Some design jibber-jabber

So I think I may have just outsmarted myself here in the last round. I'm quite happy with the adventure I wrote, but one particular piece of ingredient design that I hung pretty much the whole adventure on seems to have slipped under the radar. Odd as it sounds I hung my whole adventure (basically) on the shrimp heaven ingredient. I did mention actual shrimps as well, but that wasn't the core usage. Before I go any further I see this as entirely my fault, and not any fault on the part of the judges. I looked at Shrimp Heaven for a long time and didn't have any ideas about how to use it.
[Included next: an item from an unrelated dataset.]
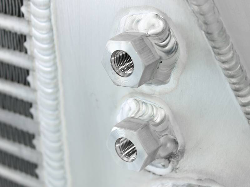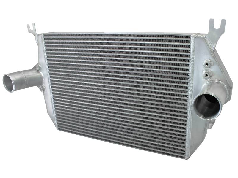 Bladerunner Intercoolers represent the next generation of intercoolers. The Bladerunner intercoolers utilize a 3 in. bar and plate design that out performs OE style tube and fin core designs. The end tanks are constructed out of 3/16 in. TIG welded aluminum plate tanks that incorporate three multi-directional vanes that efficiently di rect air flow through the entire core for maximum cooling. The Bladerunner intercooler also comes with 4 1/8 in. pre-tapped ports for easy gauge installation as well as other auxiliary input options. Tested at 200psi which is perfect for the high boost applications. In recent testing the Bladerunner intercooler produced a 200 deg. temperature drop and a 100 deg. EGT drop as well as increasing air flow by 30 percent. Dont waste your time and money on modified factory intercooler. Invest in the aFe Bladerunner intercooler. the most sophisticated intercooler design on the planet.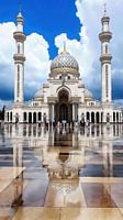 Een majestueuze witte moskee met hoge minaretten en een sierlijke koepel wordt weerspiegeld op natte bestrating onder een bewolkte hemel. De scène straalt rust en eerbied uit - ideaal voor Ramadan- of Eid-afbeeldingen.

Then I thought about the possibilities of synonym use (which isn't ideal, but better than nothing). So I settled on Paradise as a promising mean-alike for heaven, and eventually went with little as a synonym for shrimp (shrimp as an adjective for something small, not a tasty crustacean). So Little Paradise sat there with a question mark after it on my scribbled notes while I did other stuff.
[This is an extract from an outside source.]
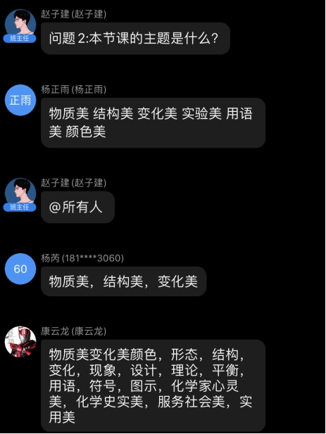 徐基贵书记首先从化学之美在于化学物质美、化学之美在于化学结构美、化学之美在于化学变化美、化学之美在于化学实验美、化学之美在于化学理论美、化学之美在于化学家的心灵美、化学之美在于化学史实美、化学之美在于服务社会美、化学之美在于其自我修正美,这九个方面向同学们介绍了本次讲座的主要内容,并提出探究 “ 化学无处不含美,但美在何处? ” 这个问题的重要性。接着徐基贵书记从这九个部分展开了深入的、全面的讲解,并一一举出实例和播放实验视频充分论证了化学无处不含美,理解与感受化学之美有助于同学们对化学更好的理解与探索。讲座最后徐基贵书记向同学们提出了两个问题:化学之美有哪些美?本节课的主题是什么?同学们就这两个问题做了认真的讨论与回答,在本次美育大讲堂中获益良多。

Shoulder pads was the initial reason I went with Cy_Borg, and the RIFD chips, and the inevitable failing of disguises, and impostor syndrome all came together as feeling very heist-y and that's the core of the action. But I didn't have a hook or inciting moment, and I still had Little Paradise sitting there sticking its tongue out at me. So what are some cyberpunk things? Well, corporations (which is where AlgaLabs showed up), and ... huh ... rogue AI. What if Little Paradise is an AI? Or what if it's a sliver of an AI? That explains the little part. So Little Paradise is a sliver of an AI. From there is was easy to set the AI up as the quest giver (very Cyberpunk, very William GIbson). But I still hadn't used Paradise is any meaningful way other than just as a name (which is weak sauce). That's when I hit on the idea of this sliver wanting to get its whole self back. It sounded like a solid use of paradise is fleshed out right. I have no idea where the idea to use Milton's Paradise Lost as a framing device came from other than just the word paradise, but when I thought about it it all seemed very appropriate, and Milton's climb ouf of the dark into the light worked directly with the original specific 'heaven' part of the ingredient. So I used Paradise Lost, and Paradise Regained, as titles and headings, and stuck in a quote about the long journey up fomr the dark into the light. In the heat of writing I thought this al hung together very cleverly. In the lgiht of day, I'm not surprised that the dots were a little too far apart to hand togther the wqay I wanted. I just wanted to paint a snapshot of my design process so people could have a little window into how I funbled the ball on the two yard line (a little anyway).

This edition of IDM was super fun, so thanks to everyone involved.